Recall announcements are often made by the U.S. National Highway Traffic Safety Administration (NHTSA) rather than the automaker. You probably have better things to do than pour over NHTSA's database, so we publish announcements about widespread recalls.

You can also check to see if your car is affected by a recall by going to the "vehicle owners" section of SaferCar.gov and searching for your vehicle. Vehicles aren't the only products that NHTSA requests to be recalled by the manufacturer. Child seats and tires are monitored for safety concerns as well.

Getting Notice
If your car is affected by a new recall, then you can expect to notification in the mail. These letters are sent out by using the state's vehicle registration database.
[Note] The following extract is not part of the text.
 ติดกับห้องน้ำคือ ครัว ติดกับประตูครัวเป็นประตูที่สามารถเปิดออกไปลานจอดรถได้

The letter will inform you that there's a potential safety concern with your vehicle and generally will ask you to take it to an authorized dealer for service. In some cases, like when there's a need for a replacement part, the letter will state when the safety fix will be available and how long the repair will take. In some extreme cases, the letter will even tell you to stop driving your car.
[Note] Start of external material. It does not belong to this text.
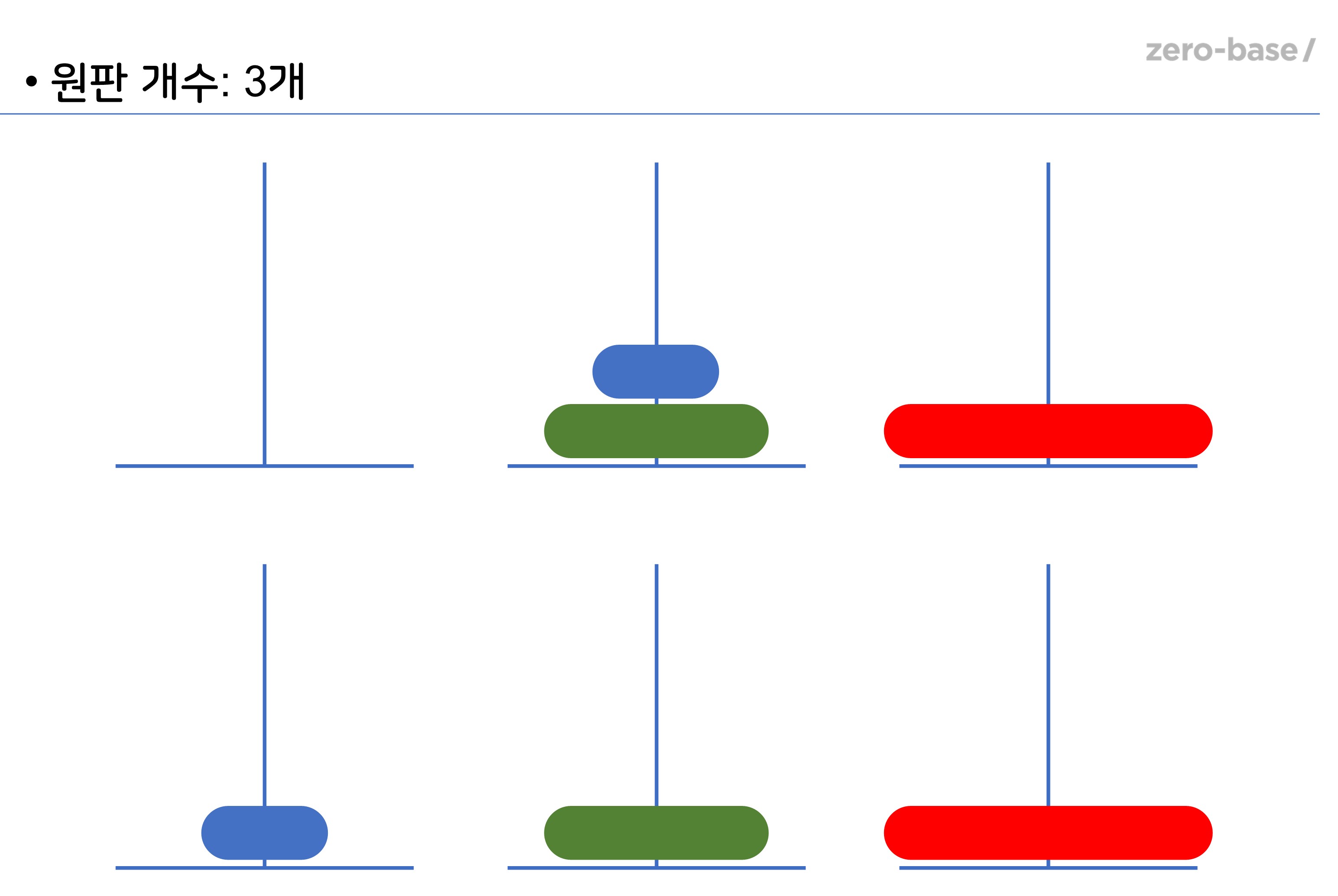 - 한 번에 한개의 원판만 옮길 수 있다.

Don't worry if you lost the letter or didn't receive it in the first place. You can still obtain the notice of the recall from the NHTSA website and take it to your local dealership to get help. 
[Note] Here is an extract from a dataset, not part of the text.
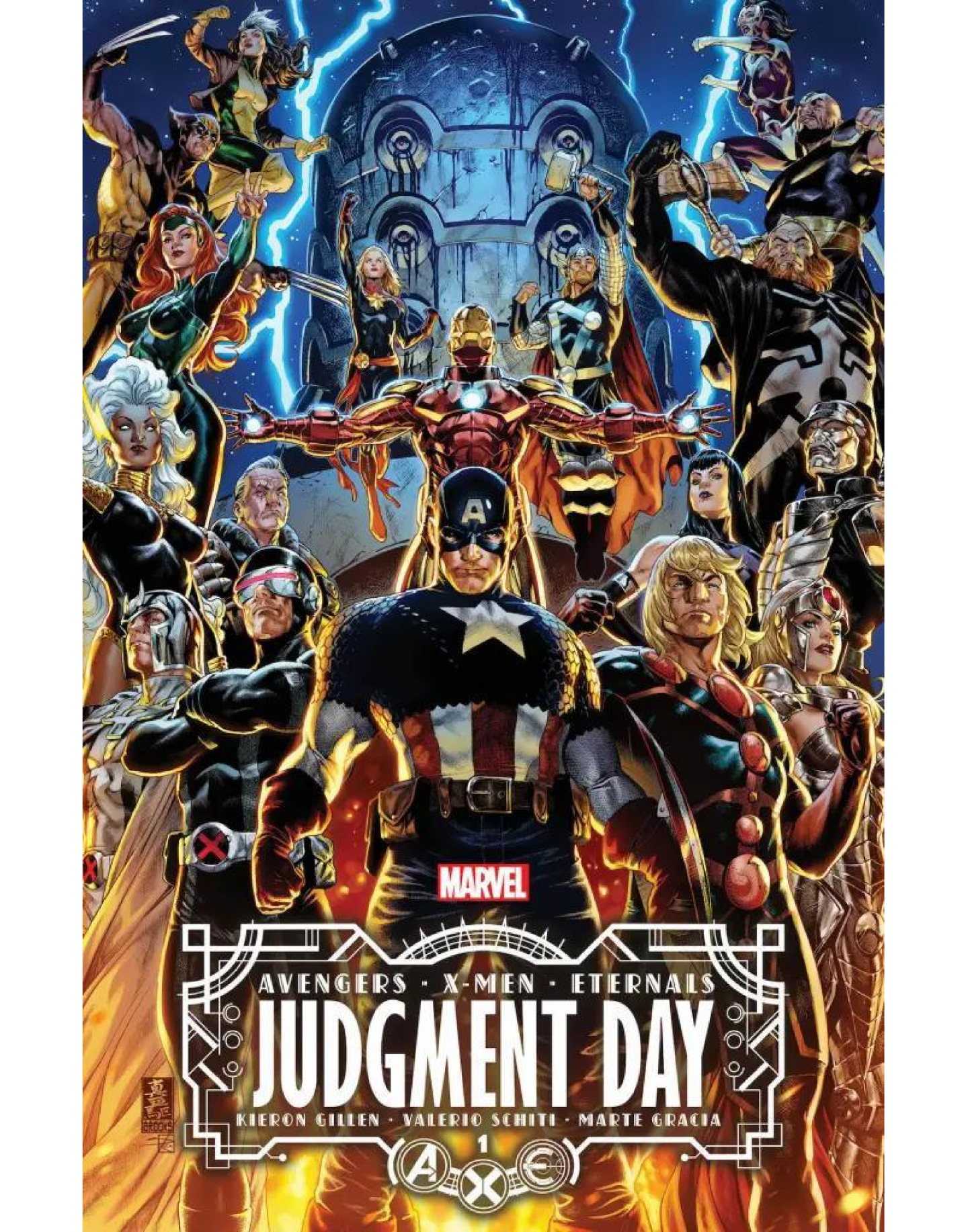 回溯漫畫歷史,《A.X.E. 審判日》(A.X.E. Judgment Day)是 2022 年漫威漫畫發行的一部重磅系列。故事描述變種人(X-Men)在地球上建立主導地位後,引發了與永恆族(Eternals)之間的激烈衝突。當兩大超級種族展開全面戰爭時,復仇者聯盟(Avengers)試圖介入調停,卻意外捲入其中,成為這場史詩級大亂鬥的第三方勢力。這場三方混戰,不僅考驗著英雄們的信念,也揭示了各自種族深層的矛盾與分歧。

More: *What Should I Do If My Car is Recalled?* on AutoGuide.com


----------



## Merc6 (Jun 8, 2013)

If you have Active OnStar it will also show up in your monthly emails. This Axle recall literally fell just after this months email so you will only see it on the website.


----------



## ALBERTA (Mar 29, 2014)

I got the recall notice in this months email from OnStar. Then I got a phone call from the dealerships service department the next day to book a time for me to bring the car in. They were so sure it was one of the ones needing repair and it was "unsafe to continue driving" they immediately offered a rental vehicle. After about an hour of waiting for a ride to the Budget, and just as the agent was filling out the remaining information for the rental I get a phone call from the dealership that they just lifted the car up and saw that it was not the recalled part so my car was fine. Well their shuttle couldn't come pick me up for a while and the rental car place wasn't about to offer me a ride back if they aren't getting business so I just told the dealership that GM is paying for the rental for the day because I needed to get to work. The rental was a 2014 Cruze LT only difference was the colour... and it was disgustingly dirty inside and out. Food crumbs, empty bottles, and stuff sprayed all over the inside as well as pet hair.

All in all it was an unnecessary hassle when they should have just taken the five minutes to check and see if the part was even one of the defective ones. I was out about 3 hours of my time and a bit of hair all because GM is so anal about recalls now since the ignition thing.


----------